This 2011 electron microscope image made available by the Centers for Disease Control shows HIV virions. On Wednesday, Sept. 11, 2019, scientists are reporting the first use of the gene-editing tool CRISPR to try to cure a patient's HIV infection by providing blood cells that have been altered to resist the AIDS virus. （Maureen Metcalfe, Tom Hodge/CDC via AP）
Scientists are reporting the first use of the gene-editing tool CRISPR to try to cure a patient’s HIV infection by providing blood cells that were altered to resist the AIDS virus.
The gene-editing tool has long been used in research labs, and a Chinese scientist was scorned last year when he revealed he used it on embryos that led to the birth of twin girls. Editing embryos is considered too risky, partly because the DNA changes can pass to future generations.
Wednesday’s report in the New England Journal of Medicine, by different Chinese researchers, is the first published account of using CRISPR to treat a disease in an adult, where the DNA changes are confined to that person.

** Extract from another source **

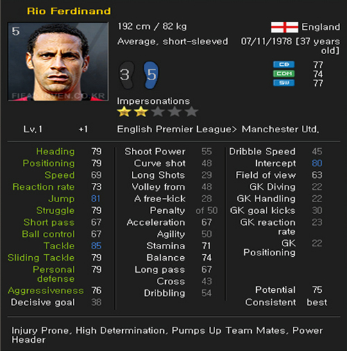 Leadership: Chỉ có ở những cầu thủ chủ chốt từng tuyến. Mặc dù đây là một đặc điểm rất khó để nhận ra nhưng nếu bạn để ý, đây là các cầu thủ thường xuất hiện để can ngăn đồng đội ở những tình huống tranh cãi với trọng tài. Một số cầu thủ có đặc điểm này: Xabi Alonso, Antonio Di Natale và Daniele De Rossi v.v.
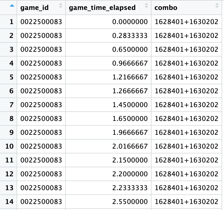 That’s it for now; I’ll leave it as an exercise for the reader to extend this to 3-player combinations. I’d love to know what other player combos you explore, or how else you apply this code. Make sure to check back next week to see what I find interesting in the Western Conference lineup patterns.

The attempt was successful in some ways but fell short of being an HIV cure.
Still, it shows that gene editing holds promise and seems precise and safe in this patient so far, said Dr. Carl June, a University of Pennsylvania genetics expert who wrote a commentary in the journal.
“That’s really good for the field,” June said.
Chinese government grants paid for the research, which was done openly with advance notice on a scientific registry and standard informed consent procedures. Some of those steps were missing or questioned in last year’s embryo work.
“There are no ethical concerns on this one,” June said.
Gene editing permanently alters DNA, the code of life. CRISPR is a relatively new tool scientists can use to cut DNA at a specific spot.
The new case involves a 27-year-old man with HIV who needed a blood stem cell transplant to treat cancer. Previously, two other men were apparently cured of both diseases by transplants from donors with natural resistance to HIV because they have a gene mutation that prevents HIV from entering cells. Since donors like this are very rare, the Chinese scientists tried to create similar HIV resistance by “editing” that gene in blood cells in the lab to try to mimic the mutation.
The transplant put the man’s cancer in remission, and the cells that were altered to resist HIV are still working 19 months later. But they comprise only 5% to 8% of such blood cells, so they’re outnumbered by ones that can still be infected.
“They need to approach 90% or more, I think, to actually have a chance of curing HIV,” June said.
Scientists are testing various ways to make the gene editing more efficient, and “our results show the proof of principle” for this approach, one study leader, Hongkui Deng of Peking University in Beijing, wrote in an email.
One very encouraging result: multiple tests show that the editing did not have unintended effects on other genes.
“One of the concerns is that they could make a Frankenstein cell, that they would hit other genes instead of the intended target,” so it’s good that this did not happen, June said.
China appears to be moving fast on such research and may get treatments approved sooner than the United States, June said. He has financial ties to some gene therapy companies and is leading a different study testing CRISPR to fight cancer in the U.S. Three patients have been treated so far and some results are expected by the end of this year.
Several other U.S. studies have been trying to control HIV by altering patients’ own blood cells using a different gene editing tool called zinc finger nucleases. The first such test began a decade ago in the U.S.